It will be interesting to see how the tasks framework develops and expands. I am sad to see the great Django-Q2 lumped in with the awful Celery though.
And debugging is a pain in the ass. Most places I’ve been that have it, I’ve tried to sell them on adding Flower to give better insight and everyone thinks that’s a very good idea but there isn’t time because we need to debug these inscrutable Celery issues.
- your function arguments aren't serializable - your side effects (e.g. database writes) aren't idempotent - discovering what backpressure is and that you need it - losing queued tasks during deployment / non-compatible code changes
There's also some stuff particular to celery's runtime model that makes it incredibly prone to memory leaks and other fun stuff.

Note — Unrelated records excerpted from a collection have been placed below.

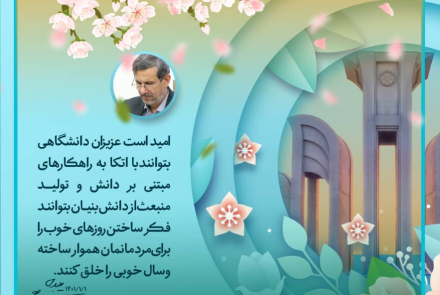 اکنون که دگربار برگی از دفتر روزگار ورق خورد و سالی دیگر به قلم تدبیر رهبری معزز به نام تولید، دانش بنیان و اشتغال آفرین نام گرفت، بر ما دانشگاهیان فرض است تا به زیبایی در جبهه دانشگاه این مطالبه را لبیک گفته، همه تلاش خود را در مسیر ارتقاء اقتدار کشور بکار گیریم تا مردمان نجیب کشورمان، ثمره آنرا به تماشا بنشینند.
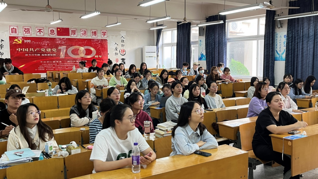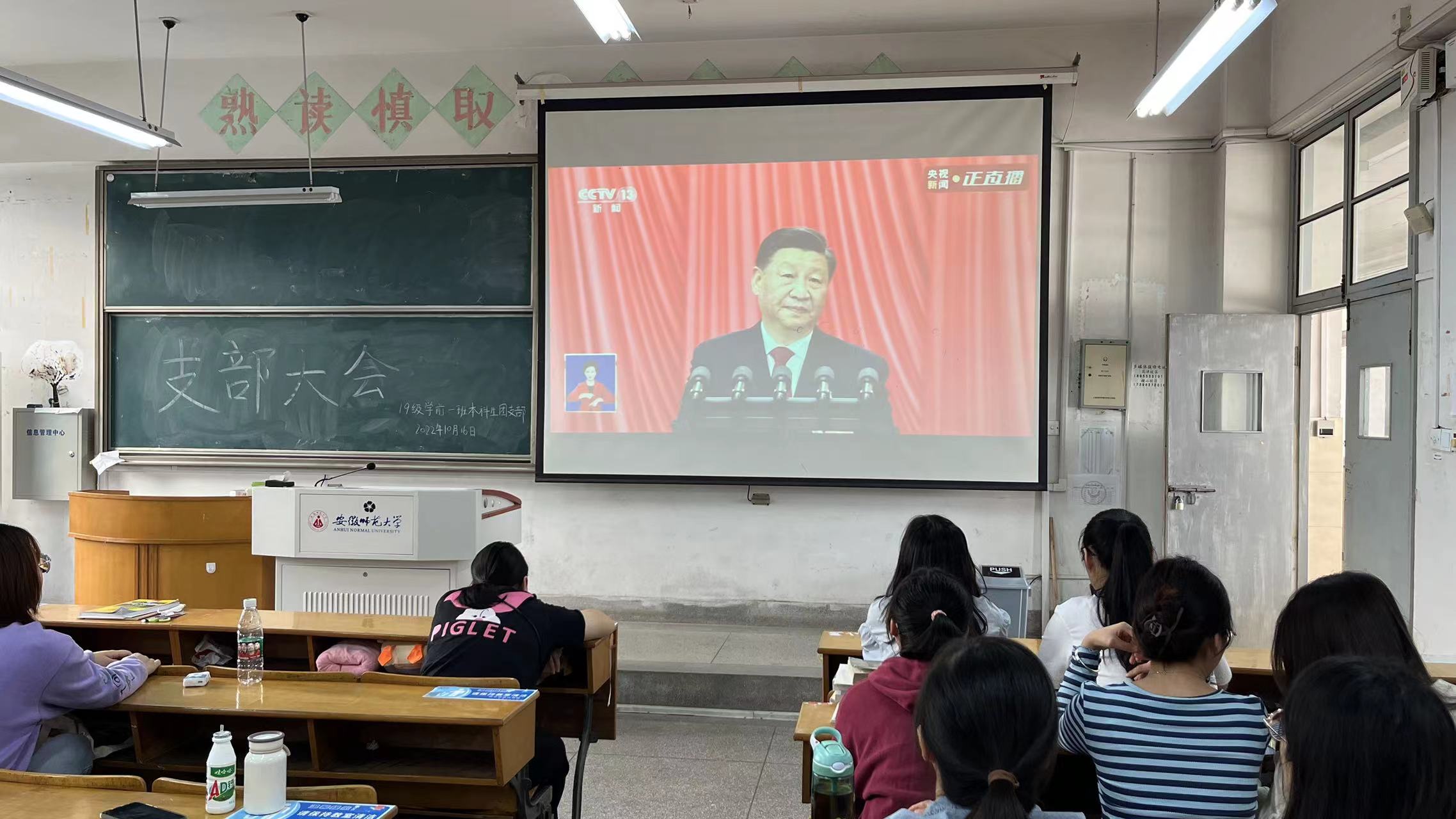开幕会前,团支部书记曾梦蝶介绍中国共产党历次代表大会和党的二十大召开的背景、重要性。上午十时开始,团支部成员共同聆听了习近平总书记代表党的第十九届中央委员会向大会作的工作报告。
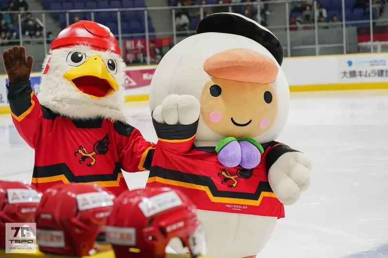 ※レッドイーグルス北海道は王子製紙アイスホッケー部時代からマスコットキャラクターが鷲です。その鷲にちなんで、鷲掴みが合言葉になっています。
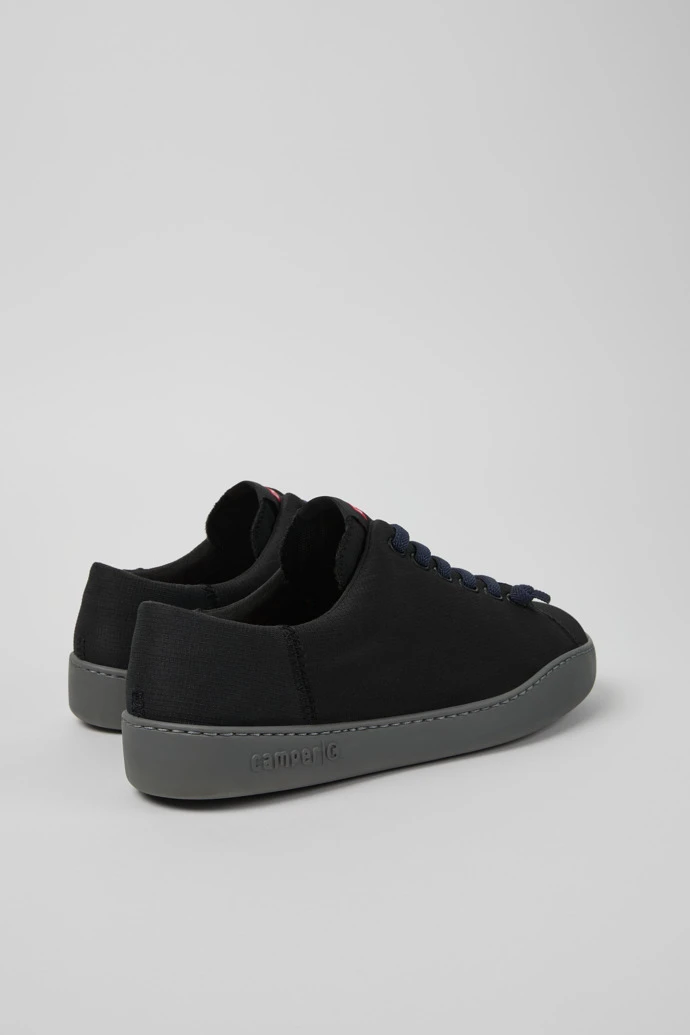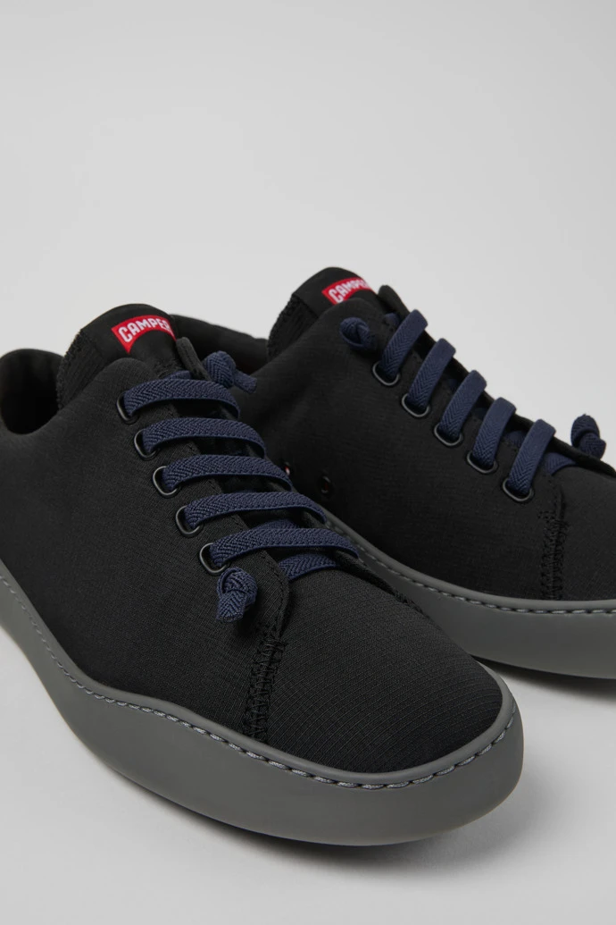 Black textile men’s sneakers with OrthoLite® Recycledâ„¢ removable footbeds and EVA outsoles (20% recycled).
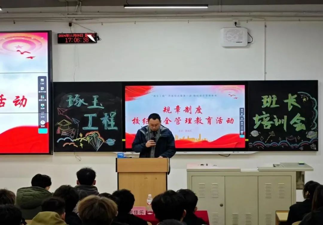 为全面提升新一届学生干部的综合素质,塑造学生干部踏实、负责的工作态度,确保各项学生工作持续高效推进,增强各班班委之间的协同合作与自我驱动能力,11月6日,国际商学院“琢玉工程”开班仪式于D102举行。国际商学院学生会指导老师李佳乐、团总支书记戴红妹、宿管会指导老师徐霞、2024级全体辅导员老师以及2024级学生干部代表参加此次活动,活动由戴红妹老师主持。
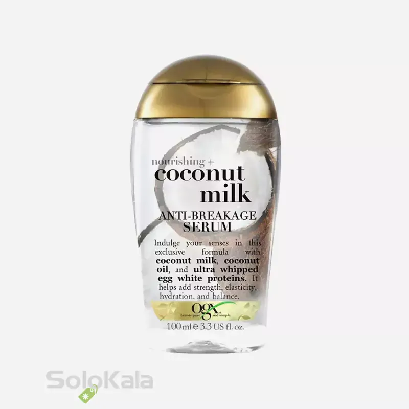 سرم مو او جی ایکس مدل کوکونات میلک با ترکیبات طبیعی همچون شیر نارگیل، پروتئین تخم مرغ و روغن نارگیل، موهای خشک و آسیب دیده را ترمیم و احیا می‌کند. این سرم مغذی و مرطوب‌کننده، با تغذیه عمیق مو، خشکی، وز و شکنندگی را از بین برده و درخشندگی و لطافت را به موها باز می‌گرداند. فاقد مواد مضر مانند پارابن و سیلیکون بوده و برای استفاده روزانه مناسب است.
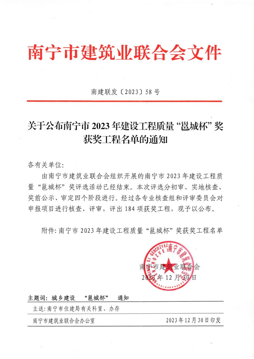 南寧市建設(shè)工程質(zhì)量“邕城杯”獎(jiǎng)是南寧市建設(shè)工程質(zhì)量的最高榮譽(yù)獎(jiǎng),獲獎(jiǎng)的建設(shè)工程施工質(zhì)量達(dá)到南寧市的一流水平。恒基咨詢將再接再厲,秉持科學(xué)嚴(yán)謹(jǐn)、精益求精的態(tài)度,不斷提升項(xiàng)目質(zhì)量管理與服務(wù)水平,用匠心打造更多精品工程。
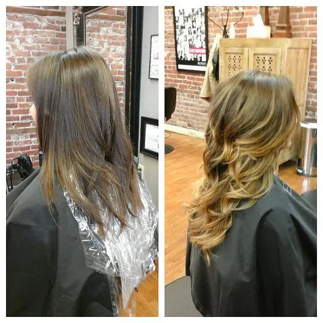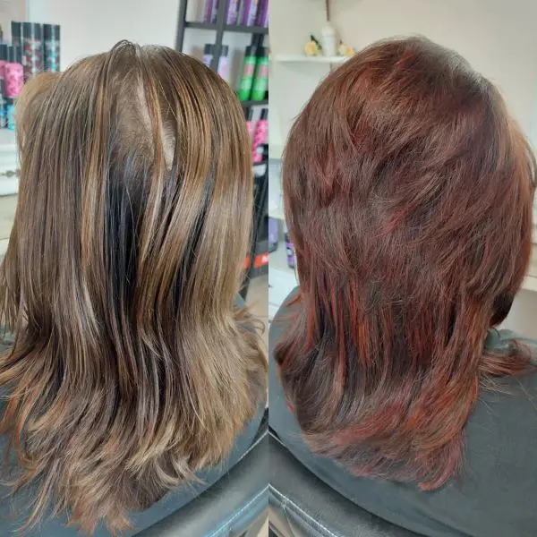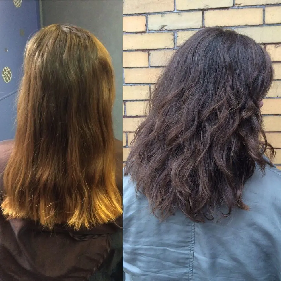 This photo highlights a remarkable transformation from a dull, faded honey balayage to a vibrant, layered look with a rich, dark color. The new style not only revitalizes the hair with depth and dimension but also adds a fresh, youthful appearance through strategically placed layers.
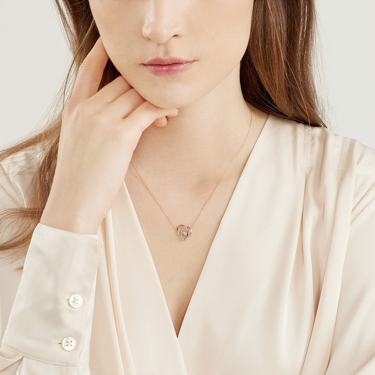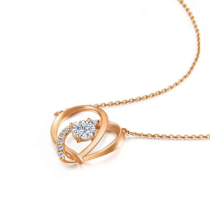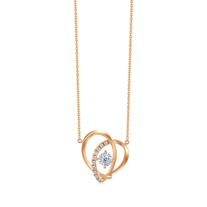 This ‘Love Knot’ 18K White & Red Gold Diamond Necklace by Chow Sang Sang symbolizes the union of destined lovers. The intricate love knot, woven from 18K red gold, forms a heart shape and is set with sparkling diamonds, making it a romantic accessory that brings elegance to any daily outfit.
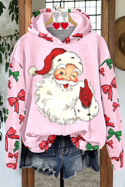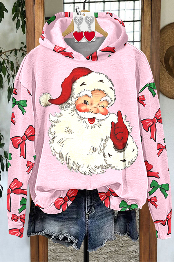Bow Santa Print Hoodie
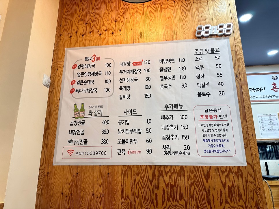 아산 배방 월천지구에 위치한 일품양평해장국.

Honestly, it's a great education.
— https://steve.dignam.xyz/2023/05/20/many-problems-with-celer...
> The problems with (Python’s) Celery:
— https://docs.hatchet.run/blog/problems-with-celery
> Dramatiq motivation:
— https://dramatiq.io/motivation.html
Here are some alternatives:
Dramatiq: https://github.com/Bogdanp/dramatiq
What does idempotent mean in this context, or did you mean atomic/rollback on error?
I'm confused because how could a database write be idempotent in Django? Maybe if it introduced a version on each entity and used that for crdt on writes? But that'd be a significant performance impact, as it couldn't just be a single write anymore, instead they'd have to do it via multiple round trips
Task queues are like email. It's what everyone is used to so people ask for more of it, but it's not actually good/the right tool.